Methodik: Organkulturen aus bovinen Bandscheiben (je 5-6 Stück pro Präparat) wurden nach 6 Tagen Vorkultur mit einer Nadel punktiert und für 2 Tage mit inflammatorischen Faktoren behandelt (LPS, IL1β) bzw. als unbehandelte Kontrollen belassen. Die Induktion einer inflammatorischen Antwort wurde durch Prostaglandin-(PGE2)-Analyse der Medienüberstände und Expressionsanalyse der isolierten Zellen bezüglich inflammatorischer Zytokine, MMPs, Aggrecan und Kollagen Typ II (Koll-2) untersucht. Das Stoffwechselprofil der Organkulturen wurde über den Glucoseverbrauch bestimmt. Zur Simulation normaler oder degenerativer Bedingungen wurde das Kulturmedium auf Normalbedingungen (5mM Glucose, 400 mOsm) oder Nährstoffmangel (0,05 mM Glucose, 300 mOsm) eingestellt. Einem Teil der Bandscheiben wurden fluoreszenz-markierte Bandscheiben-Zellen (PKH-67/26) in einem Albumin-Hydrogel injiziert. Bandscheiben mit injizierten Zellen wurden nach 1, 2 und 4 Wochen Inkubationszeit histomorphologisch und immunhistochemisch analysiert und der Glycosaminoglycan-(GAG)-Gehalt wurde bestimmt.

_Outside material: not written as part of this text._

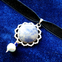 Sodalite-ful Silver Reversible Crystal and Pearl Magen David Necklace

Ergebnisse: Die PGE2-Konzentration wurde durch Behandlung der Organkulturen mit LPS (10 µg/mL) oder IL1β (10 ng/mL bzw. 100 ng/mL) im Vergleich zu unbehandelten Kontrollen signifikant erhöht (jeweils 21.7±0.8-fach, 5.5±0.9-fach bzw. 9.6±0.8-fach, n=27, p<0.0001). Erste Ergebnisse zeigten in Zellen, die aus LPS- oder IL1β-behandelten Proben isoliert wurden, eine erhöhte Expression von IL-6, IL-8, MMP-1 and MMP-3 und eine Erniedrigung der Koll-II und Aggrecan-Expression. Der GAG-Gehalt der Proben nahm während 2 Wochen Kulturzeit deutlich ab (62,4 ± 9%). Bezüglich der Glucose-Verbrauchswerte und der Lactat-Produktion zeigten die behandelten Proben ähnliche Werte wie die Kontrollen und lagen oberhalb des kritischen Mangel-Grenzwertes (1mM). Fluoreszierende Zellen konnten zu jedem Zeitpunkt im Gewebe nachgewiesen werden, mit nur geringen Unterschieden zwischen den verschiedenen Kulturbedingungen.

Schlussfolgerung: Durch Simulation degenerativer oder inflammatorischer Umgebungsbedingungen konnten wir in Organkulturen eine PGE2-Erhöhung, eine Expressionserhöhung von MMPs und Interleukinen sowie eine erniedrigte Matrixprotein-Expression induzieren. Der Nachweis injizierter fluoreszenz-markierter Zellen ermöglicht die Charakterisierung der Zellreaktionen unter Simulation einer degenerativen Umgebung. Dieses Modell bietet vielversprechende Möglichkeiten zur In-vitro-Testung regenerativer und anti-inflammatorischer Therapien der Bandscheibendegeneration.